TASK DESCRIPTION:
Aside from the pictures, copy the listing exactly.

DATA SHOWN:
Content starts

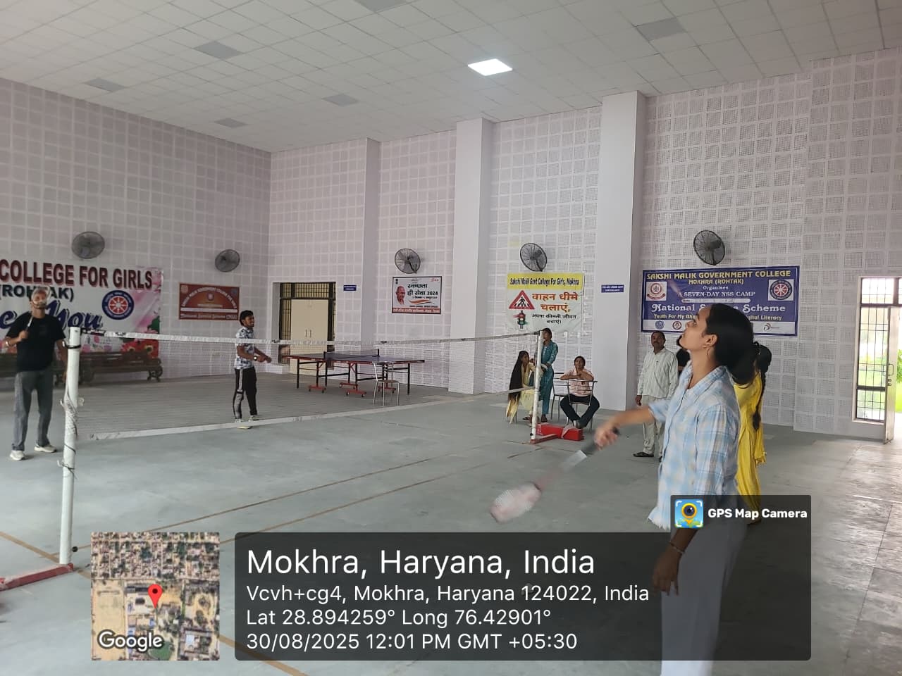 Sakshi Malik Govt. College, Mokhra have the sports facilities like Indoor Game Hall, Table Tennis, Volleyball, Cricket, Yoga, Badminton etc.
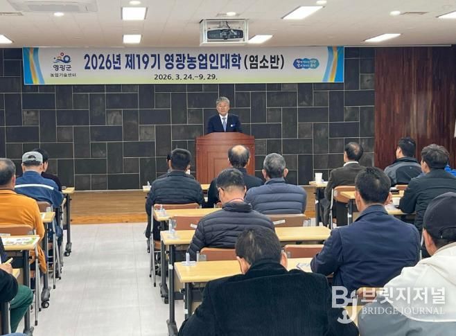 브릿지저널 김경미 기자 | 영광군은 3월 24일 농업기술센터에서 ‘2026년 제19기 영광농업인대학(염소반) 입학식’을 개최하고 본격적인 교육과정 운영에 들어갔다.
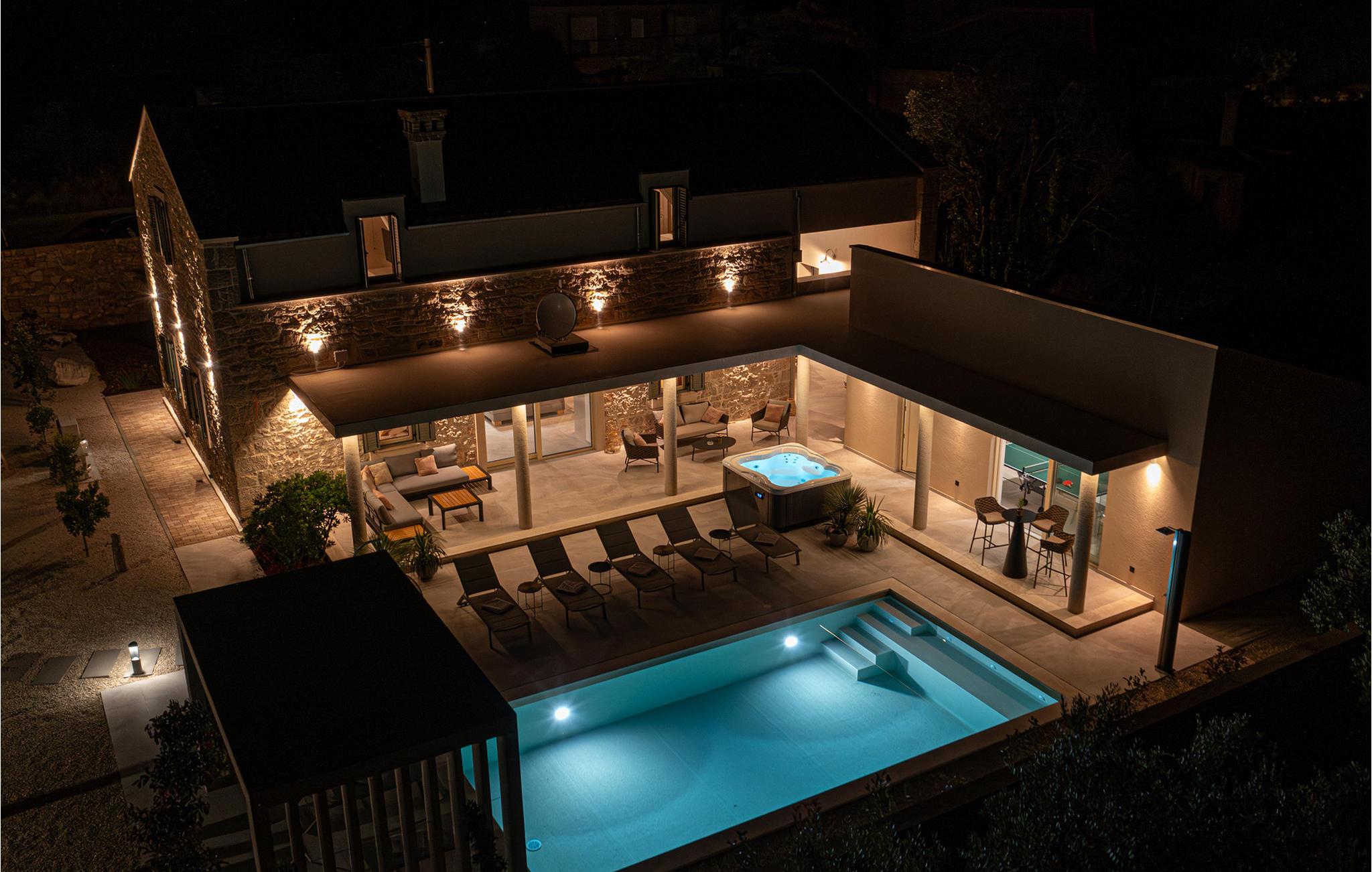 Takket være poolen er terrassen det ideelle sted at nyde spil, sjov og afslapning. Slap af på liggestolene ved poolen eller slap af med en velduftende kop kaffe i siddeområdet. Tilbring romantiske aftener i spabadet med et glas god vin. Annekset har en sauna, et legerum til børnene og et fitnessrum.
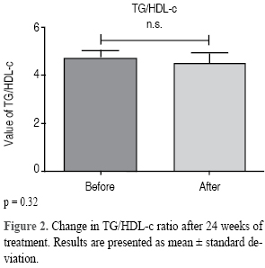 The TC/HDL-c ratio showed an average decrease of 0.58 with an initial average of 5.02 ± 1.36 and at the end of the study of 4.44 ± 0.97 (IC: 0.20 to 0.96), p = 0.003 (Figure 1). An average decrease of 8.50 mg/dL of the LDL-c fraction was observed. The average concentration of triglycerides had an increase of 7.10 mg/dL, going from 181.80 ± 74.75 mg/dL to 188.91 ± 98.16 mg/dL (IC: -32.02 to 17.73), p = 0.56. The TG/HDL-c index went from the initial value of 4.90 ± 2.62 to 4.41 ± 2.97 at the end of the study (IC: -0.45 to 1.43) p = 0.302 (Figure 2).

Content ends

YOUR SOLUTION:
 Sakshi Malik Govt. College, Mokhra have the sports facilities like Indoor Game Hall, Table Tennis, Volleyball, Cricket, Yoga, Badminton etc.
 브릿지저널 김경미 기자 | 영광군은 3월 24일 농업기술센터에서 ‘2026년 제19기 영광농업인대학(염소반) 입학식’을 개최하고 본격적인 교육과정 운영에 들어갔다.
 Takket være poolen er terrassen det ideelle sted at nyde spil, sjov og afslapning. Slap af på liggestolene ved poolen eller slap af med en velduftende kop kaffe i siddeområdet. Tilbring romantiske aftener i spabadet med et glas god vin. Annekset har en sauna, et legerum til børnene og et fitnessrum.
 The TC/HDL-c ratio showed an average decrease of 0.58 with an initial average of 5.02 ± 1.36 and at the end of the study of 4.44 ± 0.97 (IC: 0.20 to 0.96), p = 0.003 (Figure 1). An average decrease of 8.50 mg/dL of the LDL-c fraction was observed. The average concentration of triglycerides had an increase of 7.10 mg/dL, going from 181.80 ± 74.75 mg/dL to 188.91 ± 98.16 mg/dL (IC: -32.02 to 17.73), p = 0.56. The TG/HDL-c index went from the initial value of 4.90 ± 2.62 to 4.41 ± 2.97 at the end of the study (IC: -0.45 to 1.43) p = 0.302 (Figure 2).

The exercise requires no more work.